### [EXTRACTED INFORMATION]
== == ==

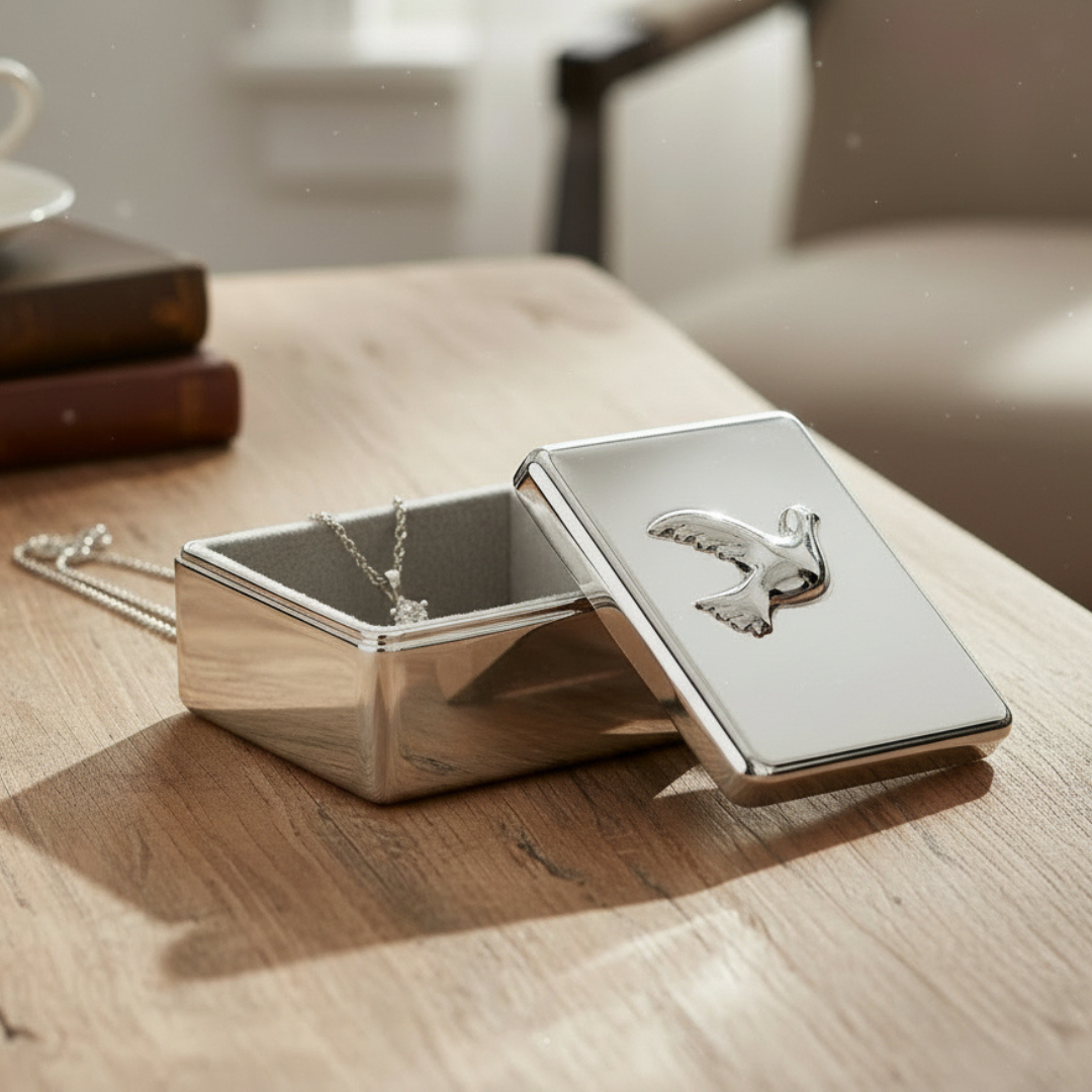 - Design: Holy Spirit dove emblem on lid
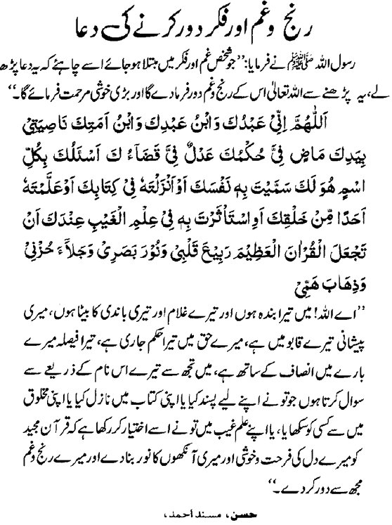 For grief, problems and discomfortغم، پریشانی اور گهبراهٹ کی دعا
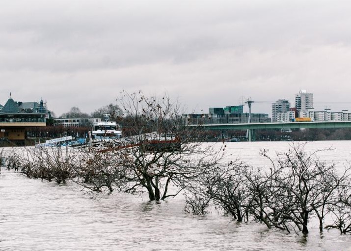 這是2月2日在德國(guó)科隆拍攝的水位上漲的萊茵河。新華社發(fā)(唐穎 攝)
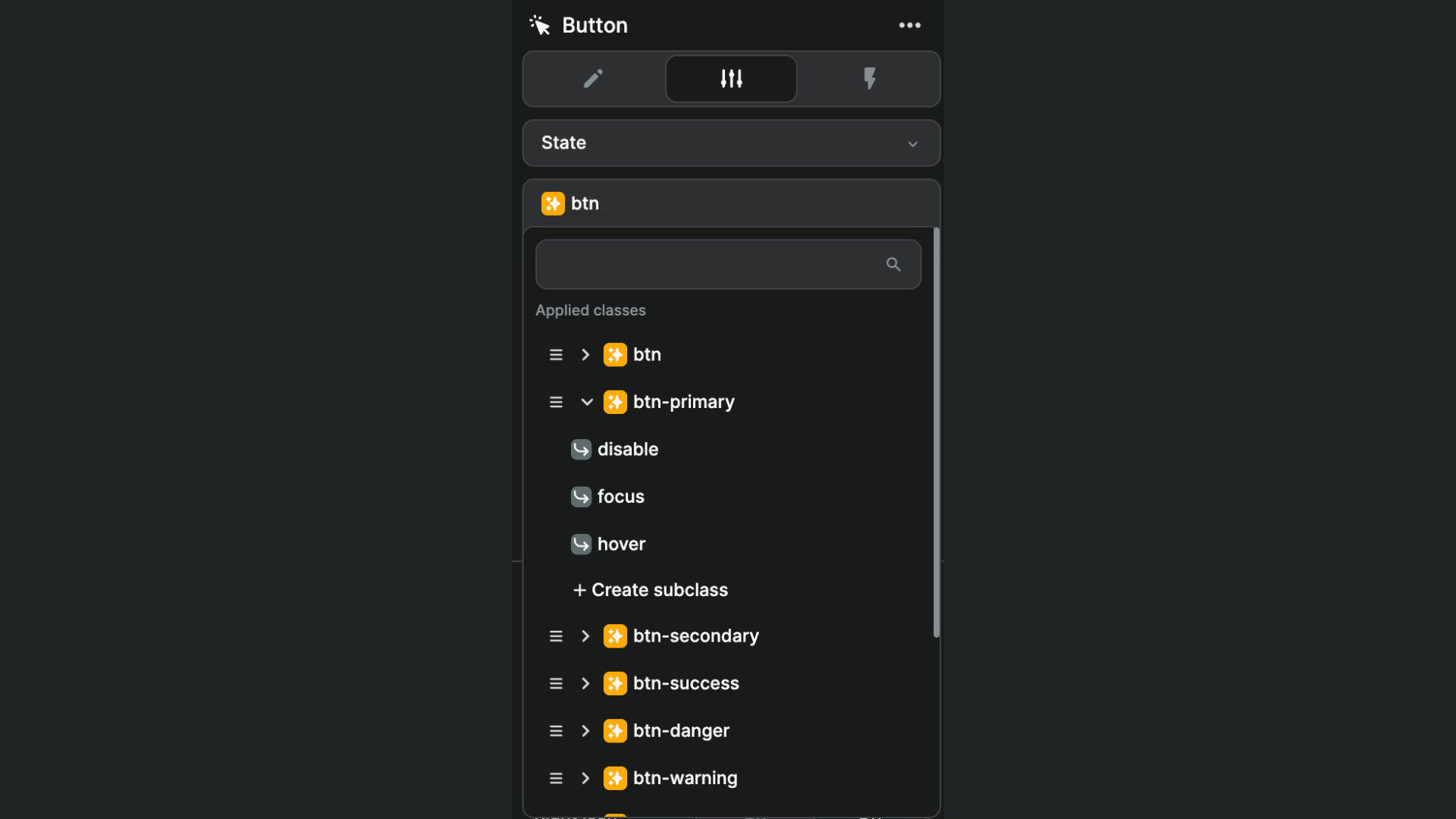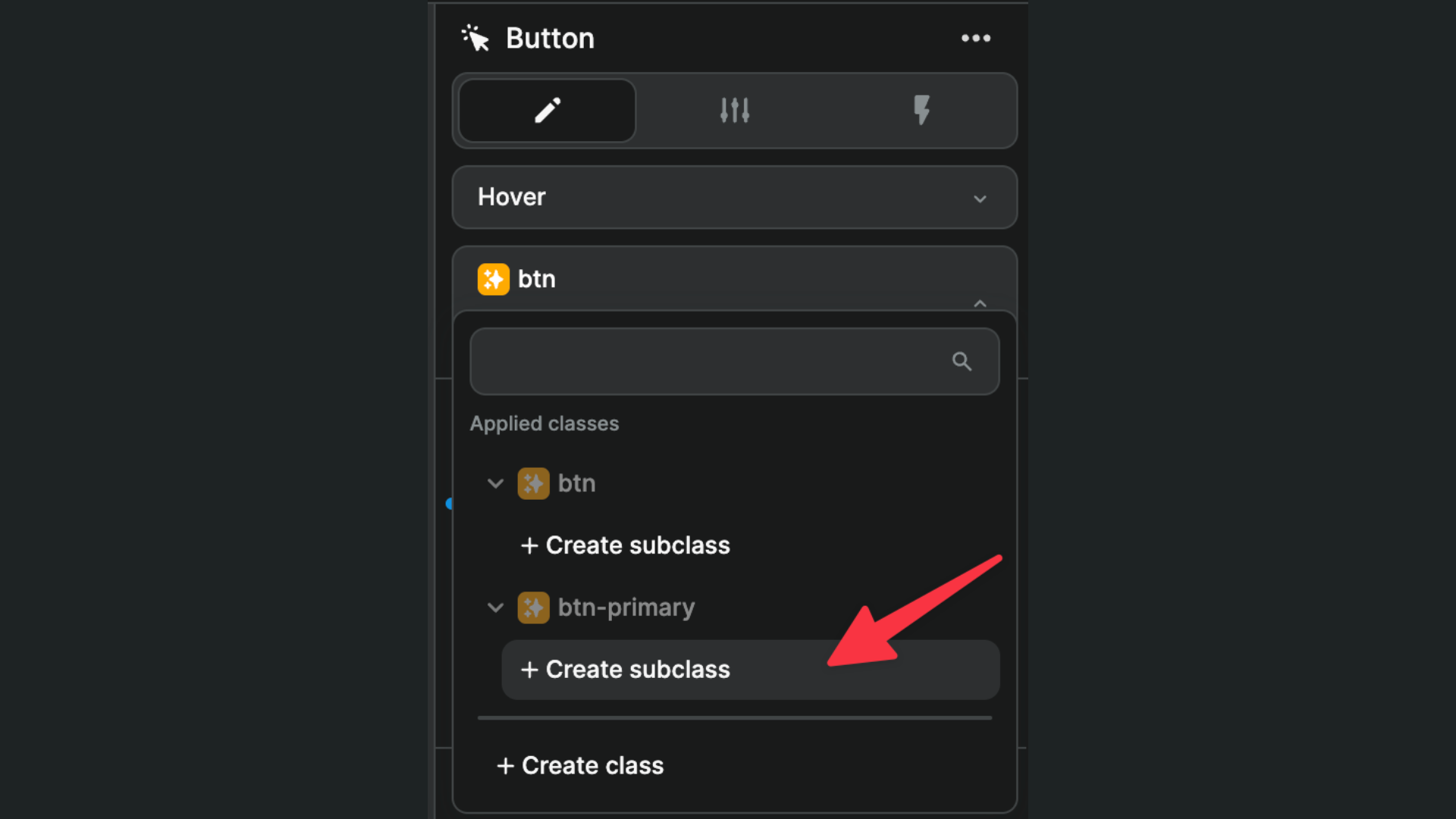 To add a subclass to a WeWeb class, simply click on Create subclass below the class you are working on.
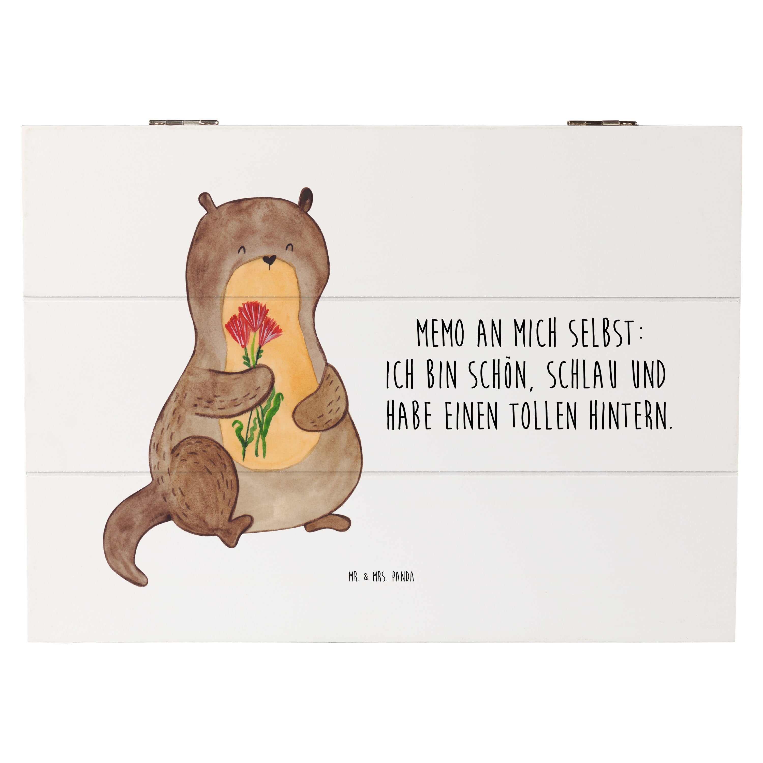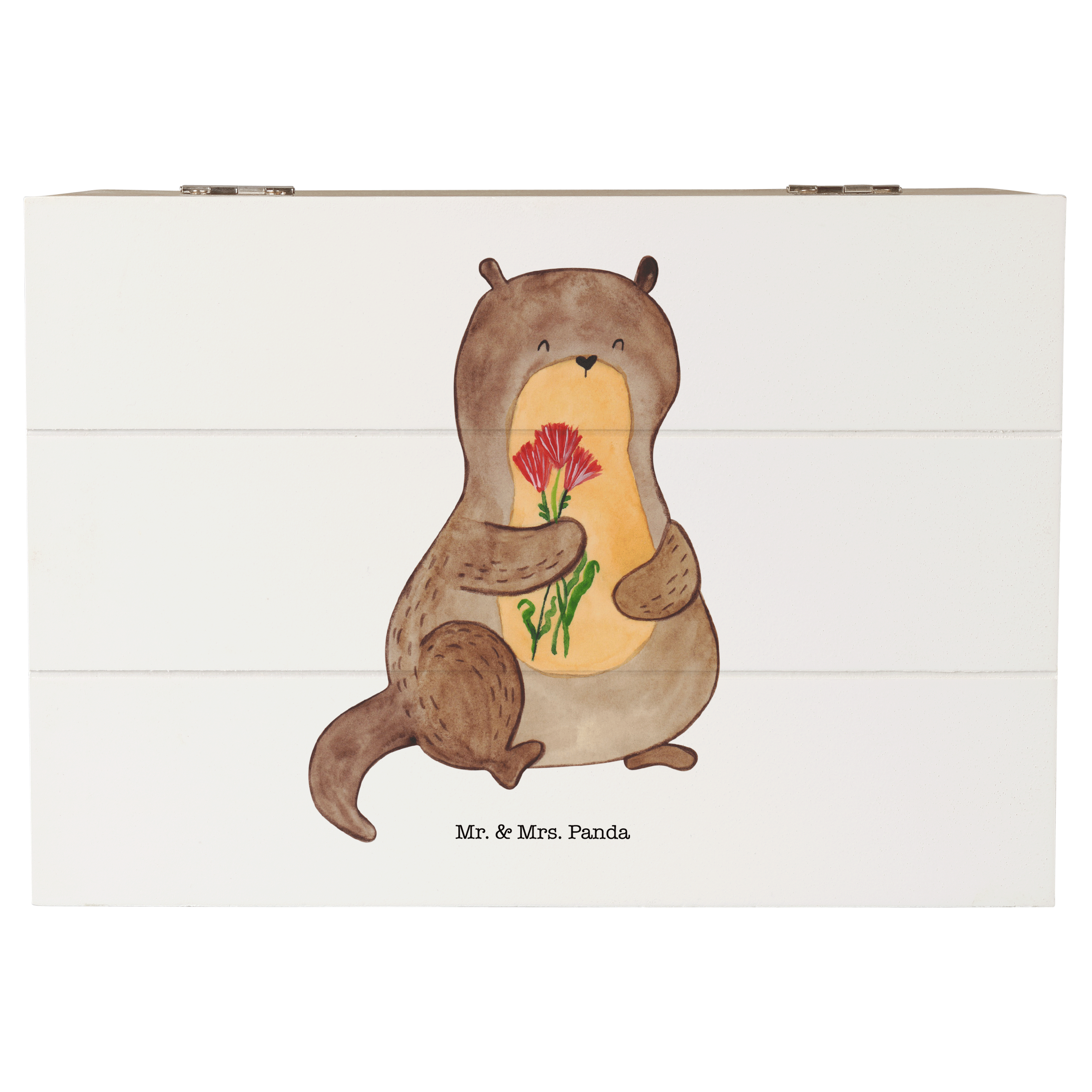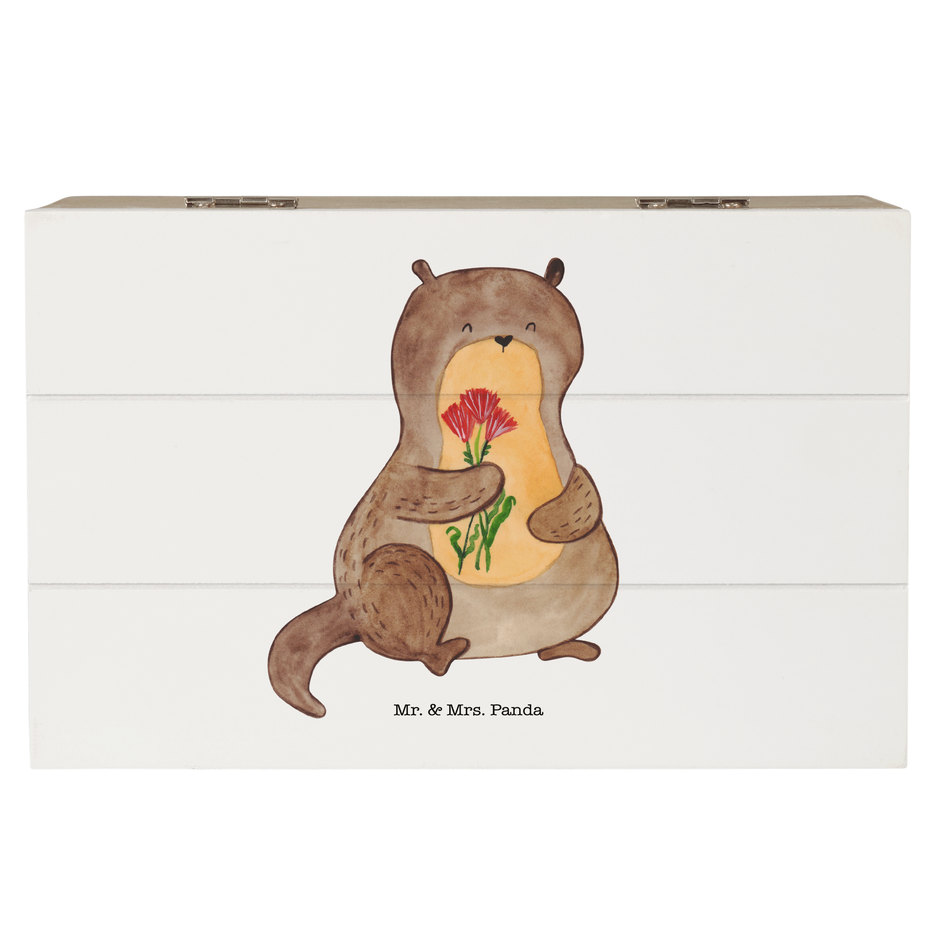 Ein süßer kleiner Otter hält einen kunterbunten Blumenstrauß in seinen Pfötchen und schaut dich glücklich an. Das fröhliche Motiv namens "Otter Blumenstrauß" von Mr. & Mrs. Panda versprüht Leichtigkeit und gute Laune und zaubert mit seinen leuchtenden Farben jedem ein Lächeln ins Gesicht.
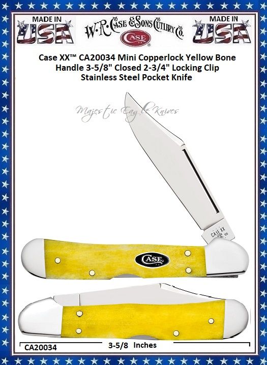 W.R. Case & Sons Cutlery CA20034 Case XX™ Mini Copperlock Yellow Bone Handle 3-5/8" Closed 2-3/4" Case XX™ Locking Clip Stainless Steel Pocket Knife! This classic American Case Mini Copperlock is about 3-5/8 inches long (folded/closed) and weighs approximately 1.9 ounces. The handle is Yellow Bone with an Oval Nickel Silver Black Case Inlay shield. The bolsters are highly polished Nickel Silver. This knife utilizes a 2-3/4" Locking Clip blade. Stamped with pattern number 61749L SS, the blade material is Tru-Sharp Stainless Steel with a Mirror-polished finish. This Mini Copperlock is a professional-grade tool that comes with a Limited Lifetime Manufacturer's Warranty and is not designed nor intended to be used on or against humans. So, whether you're hunting for authentic cutlery to collect, a top quality knife to give as a gift, or a superior tool to use,

== == ==

### [TASK INSTRUCTIONS]
From the records above, output only the lines starting at the one containing "這是2月2日在德國(guó)" and ending at the one containing "Ein süßer kleiner", word for word. Pictures stay out.

### [RESULT FOR THIS TASK]
 這是2月2日在德國(guó)科隆拍攝的水位上漲的萊茵河。新華社發(fā)(唐穎 攝)
 To add a subclass to a WeWeb class, simply click on Create subclass below the class you are working on.
 Ein süßer kleiner Otter hält einen kunterbunten Blumenstrauß in seinen Pfötchen und schaut dich glücklich an. Das fröhliche Motiv namens "Otter Blumenstrauß" von Mr. & Mrs. Panda versprüht Leichtigkeit und gute Laune und zaubert mit seinen leuchtenden Farben jedem ein Lächeln ins Gesicht.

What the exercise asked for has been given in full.